Recursion, in programming, is the ability for a function to call its self. Practically this means that a recursive function mentions its self within its own function. For example say we have a function called "Factorial" it finds the factorial of a number and we put in 3. Firstly we check that is has a base case that will stop it forming an endless loop. In this case it's that "if n = 1 then Result = 1" this means that once it hits one it stops opposed to continuing for ever and causing a stack overflow error. Next we input 3 and this happens "
"Factorial(3)
Factorial = 3 * Factorial(2)"

As you can see it references its self so next we look at Factorial(2)

"Factorial(2)
Factorial = 2 * Factorial(1)"

so now we're onto Factorial(1) Thankfully due to the clause about n = 1 we don't go any further and it outputs 1, so then it goes up to the next level and times 2 by 1, this results 2 which it then raises again to times 3 by 2 outputting 6 and giving us our answer. This is the principal of recursion.
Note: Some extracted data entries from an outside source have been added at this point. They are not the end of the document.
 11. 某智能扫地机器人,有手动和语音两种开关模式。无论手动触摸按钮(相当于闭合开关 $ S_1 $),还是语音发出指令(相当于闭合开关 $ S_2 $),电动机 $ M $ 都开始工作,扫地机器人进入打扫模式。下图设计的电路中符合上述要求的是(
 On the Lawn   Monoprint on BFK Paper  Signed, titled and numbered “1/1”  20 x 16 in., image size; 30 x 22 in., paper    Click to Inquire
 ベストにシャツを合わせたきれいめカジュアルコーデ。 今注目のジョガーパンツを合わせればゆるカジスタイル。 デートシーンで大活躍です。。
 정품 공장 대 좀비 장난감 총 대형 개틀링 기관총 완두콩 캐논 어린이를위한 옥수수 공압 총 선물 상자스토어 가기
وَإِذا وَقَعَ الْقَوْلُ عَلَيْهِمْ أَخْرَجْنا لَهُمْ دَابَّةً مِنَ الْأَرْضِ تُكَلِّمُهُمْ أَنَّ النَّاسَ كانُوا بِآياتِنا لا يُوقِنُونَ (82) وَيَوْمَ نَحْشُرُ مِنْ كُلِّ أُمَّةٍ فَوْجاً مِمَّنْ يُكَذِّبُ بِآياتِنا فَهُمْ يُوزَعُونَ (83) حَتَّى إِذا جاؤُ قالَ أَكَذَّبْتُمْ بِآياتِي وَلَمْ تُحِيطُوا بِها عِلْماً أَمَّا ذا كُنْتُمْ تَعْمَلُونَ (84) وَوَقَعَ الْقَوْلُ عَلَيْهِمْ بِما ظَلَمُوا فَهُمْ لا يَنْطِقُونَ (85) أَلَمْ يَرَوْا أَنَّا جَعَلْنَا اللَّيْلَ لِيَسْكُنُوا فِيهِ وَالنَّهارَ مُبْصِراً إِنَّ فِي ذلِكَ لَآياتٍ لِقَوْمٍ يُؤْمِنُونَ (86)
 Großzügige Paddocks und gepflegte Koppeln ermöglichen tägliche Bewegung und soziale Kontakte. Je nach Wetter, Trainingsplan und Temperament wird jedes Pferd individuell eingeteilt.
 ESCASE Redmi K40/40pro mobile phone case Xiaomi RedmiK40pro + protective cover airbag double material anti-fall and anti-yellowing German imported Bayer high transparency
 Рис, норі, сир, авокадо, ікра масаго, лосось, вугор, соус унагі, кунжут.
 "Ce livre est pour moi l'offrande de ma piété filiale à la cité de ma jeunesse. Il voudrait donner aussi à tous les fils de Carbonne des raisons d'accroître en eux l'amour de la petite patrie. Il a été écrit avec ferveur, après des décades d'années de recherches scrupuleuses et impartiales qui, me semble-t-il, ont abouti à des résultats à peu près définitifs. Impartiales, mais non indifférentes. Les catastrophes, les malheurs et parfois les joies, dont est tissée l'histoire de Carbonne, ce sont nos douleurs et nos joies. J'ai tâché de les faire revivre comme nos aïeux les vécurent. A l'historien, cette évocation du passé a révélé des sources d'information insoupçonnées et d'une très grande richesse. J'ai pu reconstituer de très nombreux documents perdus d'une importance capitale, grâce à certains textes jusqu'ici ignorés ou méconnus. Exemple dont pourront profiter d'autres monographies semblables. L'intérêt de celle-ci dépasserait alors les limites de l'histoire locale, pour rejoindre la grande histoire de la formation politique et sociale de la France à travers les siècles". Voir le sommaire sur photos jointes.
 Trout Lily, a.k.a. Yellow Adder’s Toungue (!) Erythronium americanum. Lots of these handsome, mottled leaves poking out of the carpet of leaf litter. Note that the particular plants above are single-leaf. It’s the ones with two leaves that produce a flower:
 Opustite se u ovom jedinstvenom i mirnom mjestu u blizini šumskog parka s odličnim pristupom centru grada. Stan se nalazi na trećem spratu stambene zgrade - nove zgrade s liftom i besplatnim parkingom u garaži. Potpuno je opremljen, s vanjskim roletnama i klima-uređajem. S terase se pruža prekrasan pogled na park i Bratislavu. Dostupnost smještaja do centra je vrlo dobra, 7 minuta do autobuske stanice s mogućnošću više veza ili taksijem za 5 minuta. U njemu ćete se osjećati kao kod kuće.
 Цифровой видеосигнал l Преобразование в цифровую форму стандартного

3.2.1 Programming Paradigms

A programming paradigm is the methodology of a programming language. There are 5 main programming paradigms:
Imperative programming manipulates variables and data structures in the program to do what the programmer wants in the series of steps he has stated in the program with no variation. Imperative is most known for Machine code which is the basic code of all computers and what hardware is programmed by.

Functional programming treats programming as a form of mathematics and pushes an emphasis on functions opposed to variable and data manipulation like imperative. Functional uses a lot of recursion in it's programming to make iteration possible. It is most well known for the language Lisp, however is mostly used academically opposed to Imperative which sees more commercial use.

Logic programming is done by declaring a set of facts and rules about the program and using them as a knowledge base to answer questions asked of it. This is done but an inference engine which backtracks through the information to gather the relevant data to the question. Prolog is the best known logic based programming language and it's heavily used in attempts to create AIs and expert systems.

Event-driven programming is a language that instead of the programmer telling the program what to to it tells it what to do when 'x' happens, x can be in response to something the user does or when a certain time has passed. Visual Basic is well known for event-driven programming.

And finally we have object-orientated programming is a language that breaks problems down to a single operations to be solved then labels them as a class. Classes can be based on other classes allowing code to be re-used easily and effectively, this is called a sub-class, it has all the features of the main class and then sub-class specific instructions. Python is a well known object-orientated programming language.